For proof by induction; these are the $\color{red}{\mathrm{three}}$ steps to carry out:
Step 1: Basis Case: For $n=1 \implies n^3-n+3= 1^3-1+3=3$ which is divisible by $3$. So statement holds for $n=1$.
Step 2: Inductive Assumption: Assume statement is true for $n=k$ such that $n^3-n+3=\color{blue}{(k^3-k+3)}=\color{blue}{3p} \tag{1}$ Where $p,k \in \mathbb{N^+}$.
Step 3: Prove Statement holds for $n=k+1$ such that $$n^3-n+3=(k+1)^3-(k+1)+3$$
$$=k^3+3k^2+3k+1-k-1+3=3k^2+3k+\color{blue}{(k^3-k+3)}= 3(k^2+k)+\color{blue}{3p}=\color{#180}{3}(k^2+k+p)$$ using our inductive assumption $(1)$ the resulting expression clearly is divisible by $3$.

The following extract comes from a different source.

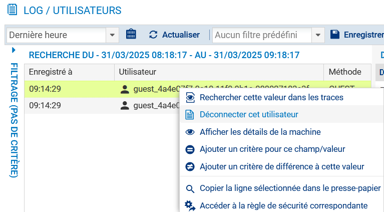 Un clic droit sur l'utilisateur permet de le deconnecter

Hence $n^3-n+3$ is divisible by $3$ $\forall \space n \in \mathbb{N^+}$
QED.
(QED is an abbreviation of the Latin words "Quod Erat Demonstrandum" which loosely translated means "that which was to be demonstrated". It is usually placed at the end of a mathematical proof to indicate that the proof is complete). Alternatively, you can use $\fbox{}$
Example 2:
Use trigonometric identities and induction to prove that
$\left(\begin{array}{cc}
\cos \theta & -\sin \theta \\
\sin \theta & \cos \theta
\end{array} \right)^{n} =
\left(\begin{array}{cc}
\cos (n \theta) & -\sin (n\theta)\\
\sin (n \theta) & \cos (n \theta)
\end{array} \right)$
As before, for proof by induction; these are the $\color{red}{\mathrm{three}}$ steps to carry out:
Step 1: Basis Case: For $n=1 \implies$ LHS
$=\left(\begin{array}{cc}
\cos \theta & -\sin \theta \\
\sin \theta & \cos \theta
\end{array} \right)^{n}$
$=\left(\begin{array}{cc}
\cos \theta & -\sin \theta \\
\sin \theta & \cos \theta
\end{array} \right)^{1}$
$=\left(\begin{array}{cc}
\cos (1 \theta) & -\sin (1\theta)\\
\sin (1 \theta) & \cos (1 \theta)
\end{array} \right)$
$=\left(\begin{array}{cc}
\cos (\theta) & -\sin (\theta)\\
\sin ( \theta) & \cos ( \theta)
\end{array} \right)=$ RHS. So statement holds for $n=1$.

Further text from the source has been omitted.